Judge of the Connecticut Appellate Court
- In office October 20, 2011 – April 1, 2019
- Appointed by: Dan Malloy
- Succeeded by: Robert J. Devlin Jr.

Judge of the Connecticut Superior Court
- In office 1991 – October 20, 2011
- Appointed by: Lowell P. Weicker Jr.

Personal details
- Born: April 6, 1949 (age 76)
- Education: Princeton University (A.B.) Yale Law School (J.D.)

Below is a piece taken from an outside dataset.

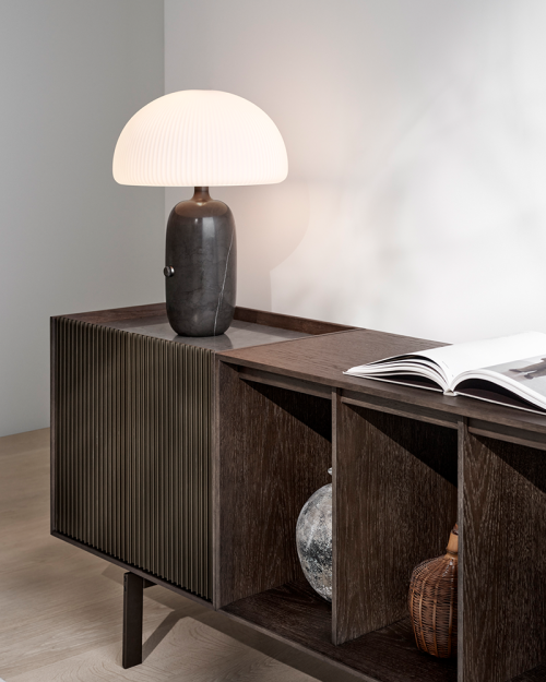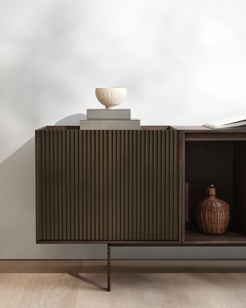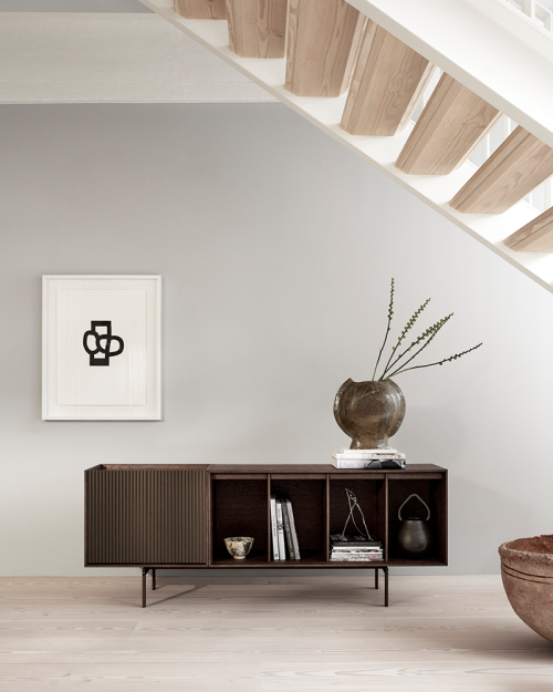 Chimney-kabinettet er udformet med tanke på funktionalitet, der stadig skal være en smuk genstand i sig selv. Det er skræddersyet til at kunne placeres bag Vipp-sofaerne, men fungerer også perfekt for sig selv som tv-bord, rumdeler eller noget helt tredje

= Michael Sheldon (jurist) =

American judge from Connecticut

Michael R. Sheldon (born April 6, 1949) was a Judge of the Connecticut Appellate Court. He stepped down on April 1, 2019, shortly before reaching the mandatory retirement age of 70 years.

==Education==

Sheldon earned his Bachelor of Arts in Public and International Affairs and a Certificate of Proficiency in Russian Studies from Princeton University in 1971 and his Juris Doctor from Yale Law School in 1974.

==Legal career==

Sheldon participated in the E. Barrett Prettyman Legal Internship Program at the Georgetown University Law Center. In that capacity, he was trained in criminal trial and appellate advocacy while supervising upper-class law students in the representation of criminal defendants in the Law Center's Clinical Programs. In 1976, he was hired by the University of Connecticut School of Law as a professor of law and appointed director of the Criminal Clinic. He worked at the Law School until 1991, teaching courses in criminal law and procedure, establishing and operating the Moot Court Interterm Program, and training and supervising upper-class law students in the representation of criminal defendants in the Trial and Appellate Divisions of the Criminal Clinic.

==Superior court service==

He was appointed to the Superior Court by Governor Lowell P. Weicker Jr. in 1991. In his 20 years of service as a Superior Court judge, his assignments included terms in the Civil and Criminal Divisions of the Hartford, New Britain and Litchfield Superior Courts, as well as a four-year term pioneering the Complex Litigation Docket in Waterbury.

==Appellate court service==

He was nominated to the Connecticut Appellate Court by Governor Dan Malloy on October 20, 2011. Sheldon retired from the Appellate Court on April 1, 2019, shortly before reaching the mandatory retirement age of 70. He was succeeded by Judge Robert Devlin.